» EXERCISE DIRECTIONS
Lines from the one with "康熙豇豆红是康熙晚期出现的名" through the end of the records, and no others, are what the answer should contain, copied exactly; please keep pictures out.

» SOURCE INFORMATION
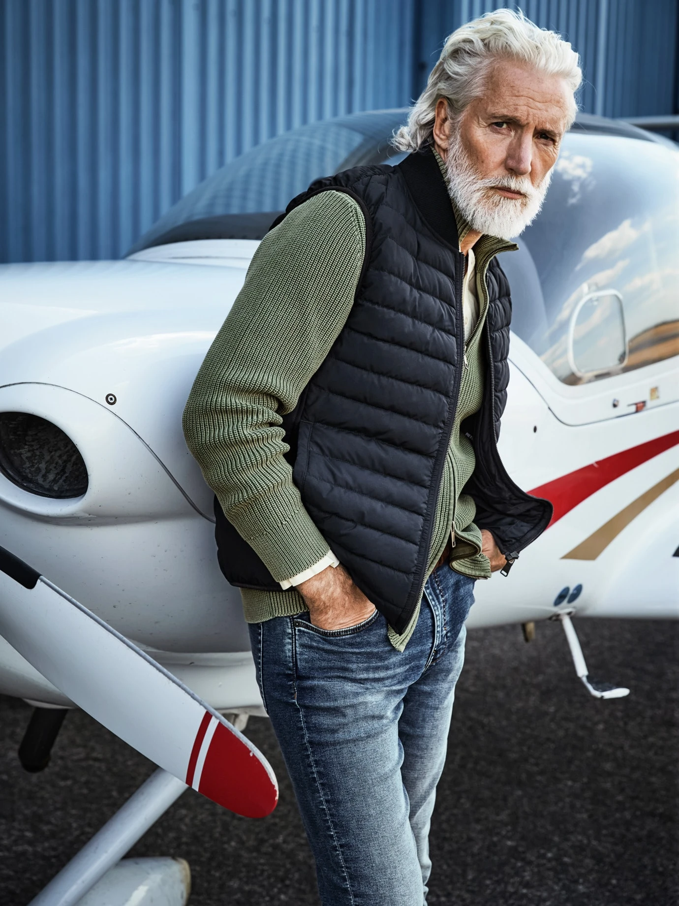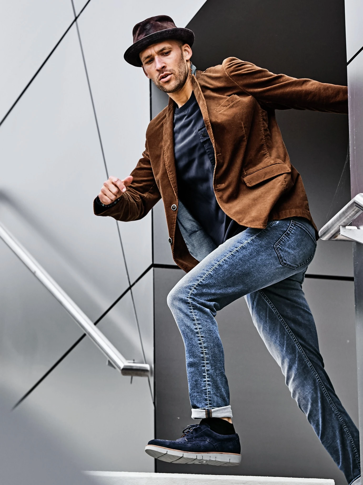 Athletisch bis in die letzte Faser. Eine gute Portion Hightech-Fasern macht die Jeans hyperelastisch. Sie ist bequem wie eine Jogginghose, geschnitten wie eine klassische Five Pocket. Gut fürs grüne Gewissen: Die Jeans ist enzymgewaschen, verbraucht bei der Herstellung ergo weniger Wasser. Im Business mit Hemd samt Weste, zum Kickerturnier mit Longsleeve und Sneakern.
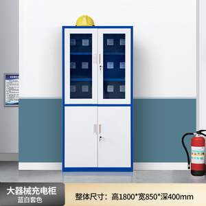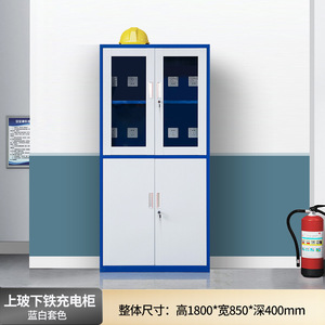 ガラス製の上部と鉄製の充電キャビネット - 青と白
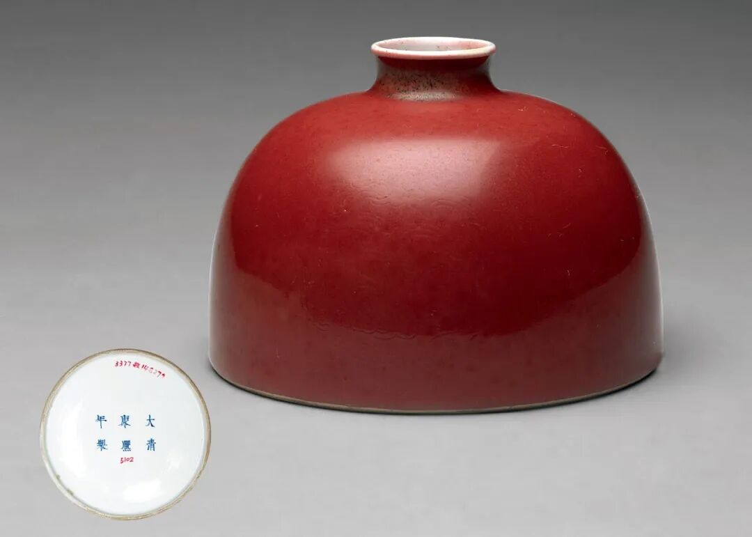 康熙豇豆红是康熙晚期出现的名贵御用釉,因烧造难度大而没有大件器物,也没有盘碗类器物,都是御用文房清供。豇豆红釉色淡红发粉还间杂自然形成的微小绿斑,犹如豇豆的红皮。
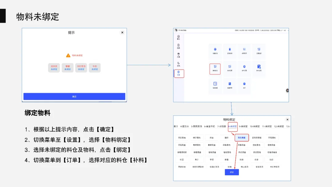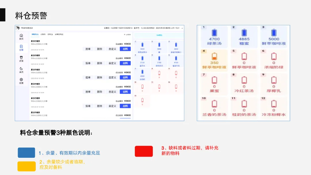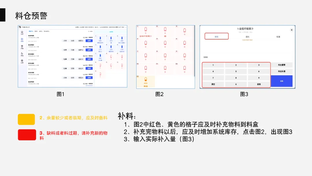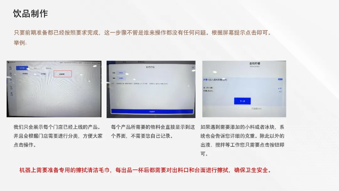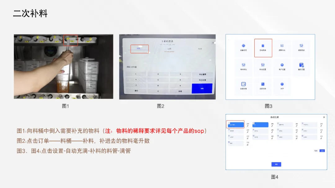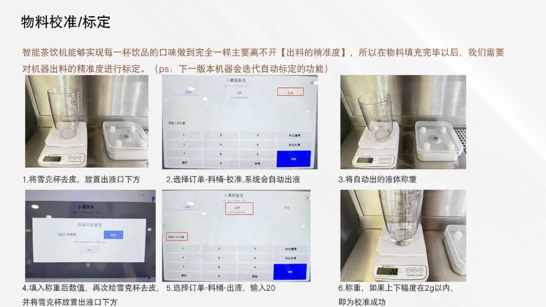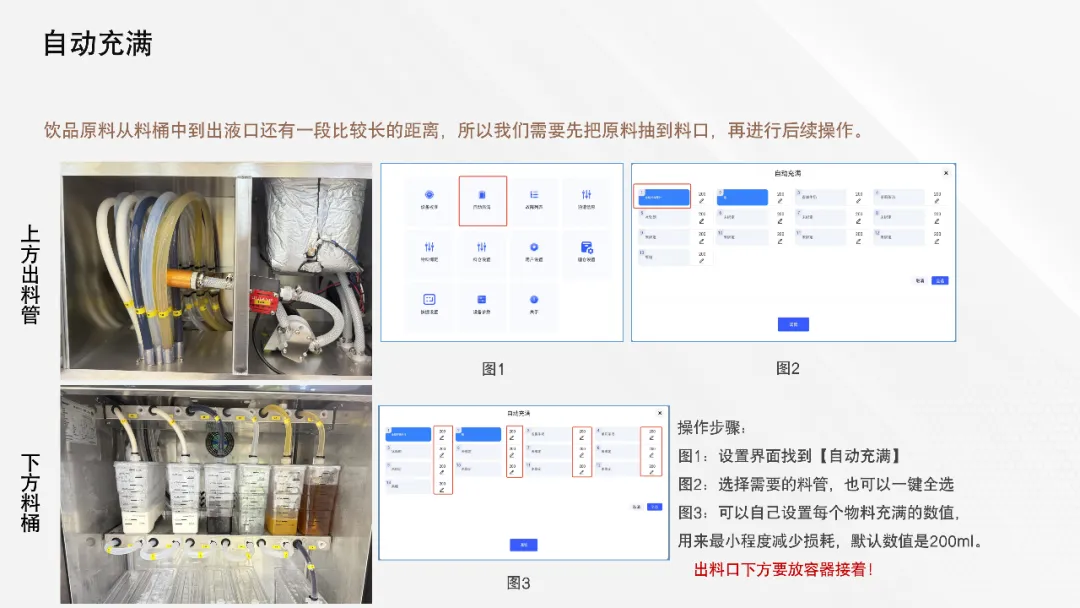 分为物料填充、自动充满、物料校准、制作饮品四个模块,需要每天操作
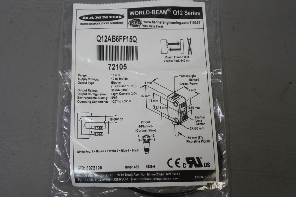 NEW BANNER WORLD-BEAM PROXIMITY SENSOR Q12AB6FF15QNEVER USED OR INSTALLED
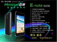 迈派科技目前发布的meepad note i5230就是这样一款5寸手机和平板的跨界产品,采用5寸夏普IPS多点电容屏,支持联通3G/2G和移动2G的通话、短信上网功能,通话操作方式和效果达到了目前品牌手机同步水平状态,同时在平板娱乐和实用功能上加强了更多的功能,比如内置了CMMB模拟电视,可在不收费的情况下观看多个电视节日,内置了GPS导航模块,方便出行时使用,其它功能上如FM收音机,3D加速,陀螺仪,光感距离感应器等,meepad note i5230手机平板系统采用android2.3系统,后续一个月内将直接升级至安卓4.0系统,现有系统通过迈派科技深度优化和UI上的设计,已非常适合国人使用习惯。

» SOLUTION TO THE EXERCISE
 康熙豇豆红是康熙晚期出现的名贵御用釉,因烧造难度大而没有大件器物,也没有盘碗类器物,都是御用文房清供。豇豆红釉色淡红发粉还间杂自然形成的微小绿斑,犹如豇豆的红皮。
 分为物料填充、自动充满、物料校准、制作饮品四个模块,需要每天操作
 NEW BANNER WORLD-BEAM PROXIMITY SENSOR Q12AB6FF15QNEVER USED OR INSTALLED
 迈派科技目前发布的meepad note i5230就是这样一款5寸手机和平板的跨界产品,采用5寸夏普IPS多点电容屏,支持联通3G/2G和移动2G的通话、短信上网功能,通话操作方式和效果达到了目前品牌手机同步水平状态,同时在平板娱乐和实用功能上加强了更多的功能,比如内置了CMMB模拟电视,可在不收费的情况下观看多个电视节日,内置了GPS导航模块,方便出行时使用,其它功能上如FM收音机,3D加速,陀螺仪,光感距离感应器等,meepad note i5230手机平板系统采用android2.3系统,后续一个月内将直接升级至安卓4.0系统,现有系统通过迈派科技深度优化和UI上的设计,已非常适合国人使用习惯。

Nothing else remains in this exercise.